Broadly speaking there are two camps of people forecasting US elections: those who rely on “fundamentals” models, like Allan Lichtman, which use broad indicators like GDP, the existence of civil unrest, and incumbency to predict whether or not there will be a change of party holding the presidency; and those who rely on poll-based regression models, like Nate Silver from FiveThirtyEight.
There’s value in both approaches but the powerful thing about sophisticated models like Silver’s is that they are able to express the amount of uncertainty in the race. This is especially important this year, where the election will take place during an unprecedented pandemic. I personally think this makes “fundamentals” models much less useful this year, as instead of using “is GDP healthy?” as the predictor they should be really using “is GDP healthy for a pandemic”, which of course has very few historical data points.

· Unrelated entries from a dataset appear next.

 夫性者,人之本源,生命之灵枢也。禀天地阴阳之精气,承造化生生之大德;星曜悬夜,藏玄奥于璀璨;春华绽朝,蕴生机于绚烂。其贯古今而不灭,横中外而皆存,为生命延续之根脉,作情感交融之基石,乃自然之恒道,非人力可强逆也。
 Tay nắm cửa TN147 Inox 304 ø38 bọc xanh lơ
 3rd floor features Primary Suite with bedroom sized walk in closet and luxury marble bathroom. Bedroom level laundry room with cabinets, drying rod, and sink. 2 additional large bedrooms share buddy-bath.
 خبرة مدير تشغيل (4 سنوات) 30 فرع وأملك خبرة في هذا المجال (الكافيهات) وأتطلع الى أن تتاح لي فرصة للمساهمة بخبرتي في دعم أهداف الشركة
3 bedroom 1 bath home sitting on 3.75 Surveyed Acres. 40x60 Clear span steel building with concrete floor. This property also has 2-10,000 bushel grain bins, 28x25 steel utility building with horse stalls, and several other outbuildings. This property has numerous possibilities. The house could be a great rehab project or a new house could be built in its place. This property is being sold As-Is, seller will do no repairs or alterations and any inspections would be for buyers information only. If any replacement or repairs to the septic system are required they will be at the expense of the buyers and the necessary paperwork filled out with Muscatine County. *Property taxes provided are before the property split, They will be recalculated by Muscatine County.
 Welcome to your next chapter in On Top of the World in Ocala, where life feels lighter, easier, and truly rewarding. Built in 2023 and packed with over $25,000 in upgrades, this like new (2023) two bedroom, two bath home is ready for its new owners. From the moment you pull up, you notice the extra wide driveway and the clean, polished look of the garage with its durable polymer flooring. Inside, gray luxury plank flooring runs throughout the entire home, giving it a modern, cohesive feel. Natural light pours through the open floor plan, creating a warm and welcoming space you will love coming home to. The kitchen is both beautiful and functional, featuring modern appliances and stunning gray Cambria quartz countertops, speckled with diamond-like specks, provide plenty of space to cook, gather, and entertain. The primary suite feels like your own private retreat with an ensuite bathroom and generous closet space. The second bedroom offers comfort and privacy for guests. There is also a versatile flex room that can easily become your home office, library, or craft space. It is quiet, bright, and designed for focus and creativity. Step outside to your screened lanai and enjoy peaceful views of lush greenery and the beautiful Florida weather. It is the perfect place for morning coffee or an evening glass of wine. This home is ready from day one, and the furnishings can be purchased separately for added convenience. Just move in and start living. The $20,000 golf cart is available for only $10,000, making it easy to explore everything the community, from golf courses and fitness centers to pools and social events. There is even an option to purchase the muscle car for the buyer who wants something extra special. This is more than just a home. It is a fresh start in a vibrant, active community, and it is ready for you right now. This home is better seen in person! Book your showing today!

Of course, uncertainty is an unnatural, scary and unintuitive thing and it’s a lot easier for people to say “but FiveThirtyEight said Hillary was going to win in 2016, they were wrong” rather than “FiveThirtyEight forecasted a 65% chance of Clinton winning and a 35% chance of Trump winning”. Part of this is human nature: it’s a binary contest with a single outcome and post facto that 65% looks a lot bigger than that 35% so it’s tempting to go for the first interpretation. But I hope that this year people appreciate what is at stake: the integrity and function of the most important democracy in the world, and take a little more care in interpreting uncertainty when they see it in forecasts.